ここでいえることは、ワーストシナリオという“万が一の状況”に対する、イベント運営者の認識の甘さではないでしょうか。

常設サーキットであれば、走行速度が最も高い直線路の延長上に、段差や防護用具がない状態で観客が立ち入る場所を設けることはありません。

一般的に、主要な観客席は直線路と並行した場所に設置されるものです。

これが、今回のような仮設施設の場合、限られたスペースでコースを設定し、そのほかの併設イベントとの人の導線を考慮し、そして参加者の人数が多ければレーシングカートの効率的な乗り換えを考慮する必要があります。

その結果として、今回のようなコースと観客がいる場所のレイアウトになったと考えられます。

こうしたコースレイアウトなど、イベントの運営における安全性の確保について、法的な規制や規定、または何らかのガイドラインのようなものはあるのでしょうか?

一般的には、私有地での各種イベントについては、警察や地元自治体などに事前に開催許可を得る必要は基本的にはないとされています。

そこで、長年にわたり自動車関連の仮設イベントをおこなう関係者らから話を聞いてみたところ、実際の運営でもそうした一般論で語られているのと同じような対応をしており、ガイドラインようなものはないとのことです。

また、万が一の場合、当然ですが、主催者はイベント保険に加入するのが一般的とも指摘します。

今回の事故を教訓として、これからは一定以上の速度が出せるカートでの走行を伴う私有地でのイベントについては、国が全国一律のガイドラインを設けるべきではないでしょうか。

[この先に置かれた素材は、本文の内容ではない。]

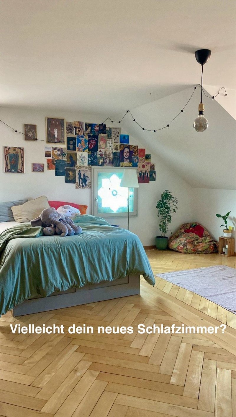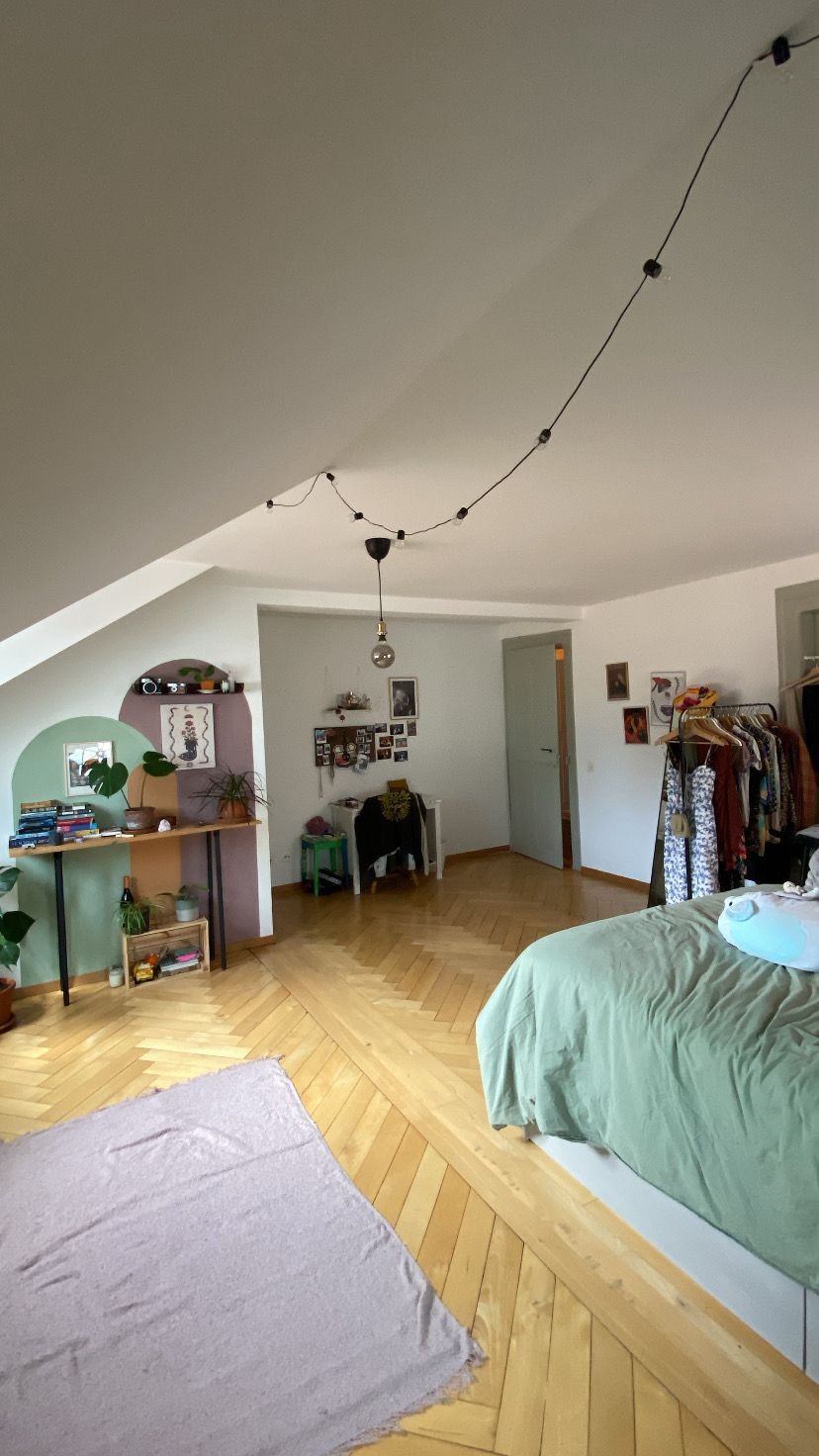 Ein grosses, helles, aktuell möbliertes Zimmer mit Ausrichtung gegen Süden. Im Zimmer befindet sich noch ein Abstellraum, welchen wir aktuell gemeinsam nutzen. Ein Keller und Estrich steht auch zur Verfügung. Ebenfalls sind Waschmaschine und Trockner in der Wohnung vorhanden.

ただし、これらのカートは、道路運送車両法の適用外なほか、また私有地では乗用車などでも道路交通法の適用が難しくなります。

そこで、例えば消費者庁がイベント運用のためのガイドラインを作り、それに基づく運用が実際にできているかどうかを地元の自治体がチェックする、またはイベント主催者が自治体に報告するといった形が考えられるのではないでしょうか。

今回のような悲しい事故を二度と起こさないために、国が主導する総括的な仕組みづくりが求められます。